A full 21 years after his horrific crash at Goodwood had brought a premature end to his Formula 1 career, Moss was invited to drive the Brabham at Brands Hatch on the shorter Indy version of the track. Moss had recently made an unsuccessful return to racing with for Richard Lloyd’s Audi team in the British Saloon Car Championship. But despite this, he was still a huge name in the sport.
According to Simon Taylor’s recent Moss biography My Racing Life, Moss instigated the test by expressing a desire to Bernie Ecclestone that he would like to experience what 800bhp actually felt like.
Moss arrived at the track in his old silk overalls, Herbert Johnson crash hat and goggles.
“I had special dispensation from the FIA, which meant I could run with my open-face helmet – only me and Sir Jack Brabham were allowed to do that,” Moss recalls. “It also meant I could still where silk overalls, not the big, clumsy things they wear today.”
After a series of tracking laps behind the camera car, Moss was let loose in the flame-spitting racer.
“It was quite an eye-opening experience as it obviously had much more power than anything I was used to,” says Moss. “The main difference, of course, was the slicks – I’d never raced on slicks before – and I was really staggered by the way you could just put your foot down and the thing would stick.
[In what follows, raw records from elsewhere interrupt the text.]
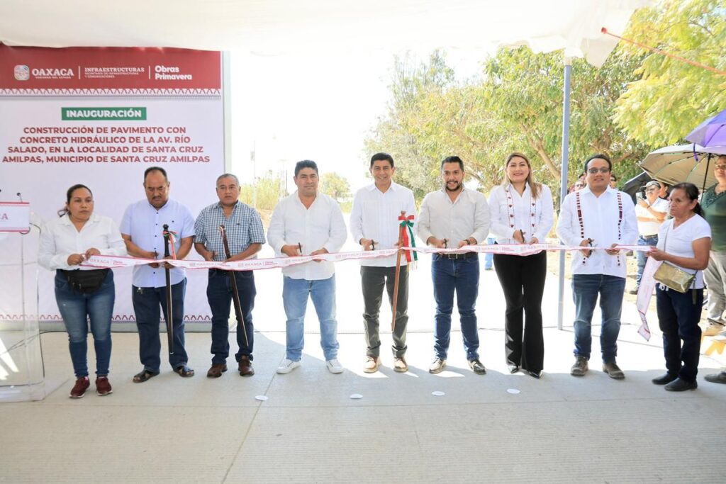 Santa Cruz Amilpas, Oax. 13 de febrero de 2026.- En atención a una añeja demanda ciudadana y como muestra de que la Primavera Oaxaqueña florece con obras en los municipios, el Gobernador Salomón Jara Cruz inauguró la primera etapa de la pavimentación con concreto hidráulico de la avenida Río Salado de Santa Cruz Amilpas, la cual tuvo una inversión de 4.4 millones de pesos.
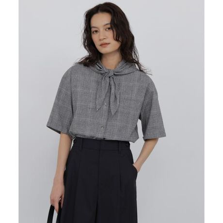 リラックス感のある5分袖のスカーフ付きリネンシャツです。小さめな丸衿がポイント。三角スカーフが今年らしい印象でスタイリングにアクセントを添えます。
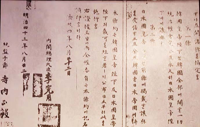 特に朝鮮の皇宮を二重三重に取り囲み、皇居と皇宮に出入りする朝鮮の官僚を恐喝しました。こうした状況下で日帝は「韓日併合条約」の捏造に取り掛かりました。日帝は朝鮮封建国家の最高統治者であるスンジョン皇帝が作成すべき「全権委任状」を自分勝手に捏造しました。8月22日は、リ・ワンヨンを始め親日売国奴と結託して、スンジョン皇帝に「全権委任状」を強制批准させた後、瞬時にして「韓日併合条約」を捏造しました。そして、朝鮮人民の反日闘争を恐れて、「条約」捏造の事実を隠しておいて、8月29日になってようやく公布しました。
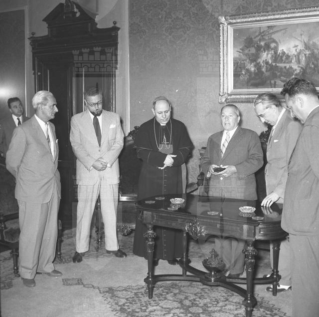 Congedo in forma ufficiale del dott. Renato Timeus, dal 1914 funzionario dell'amministrazione comunale di Trieste alla presenza del segretario generale del Comune Sacchi, del prof. Sciolis, del vescovo Santin e dell'ing. Visentin (Da: Rivista mensile della citta di Trieste, 10.9.1953)

The experience really did impress me immensely.”
Three other drivers were there that day, Italians Pierluigi Martini and Ivan Capelli and a teenage American called Davy Jones. Jones recalls that Moss’s stint with the old-style crash helmet didn’t last long.
“He went out and he had his leather skull cap with his goggles on. He drove kind of slowly around the back nice and easy and as he came around the front straightaway and gave it a bit of a wellie, and when the boost came on, it accelerated off quite quickly and he backed out of it right away! He came in the next lap and said ‘I need my helmet, I need my helmet! I can’t breathe.’ ”
In total Moss did approximately 60 laps. According to the AUTOSPORT report of the test, he set a best time of 46.90s seconds, which was easily the fastest he had ever lapped that version of the Brands Hatch track. Martini set the pace that day with a lap of 41.75s, while Jones and Capelli both recorded best times of 43.70s.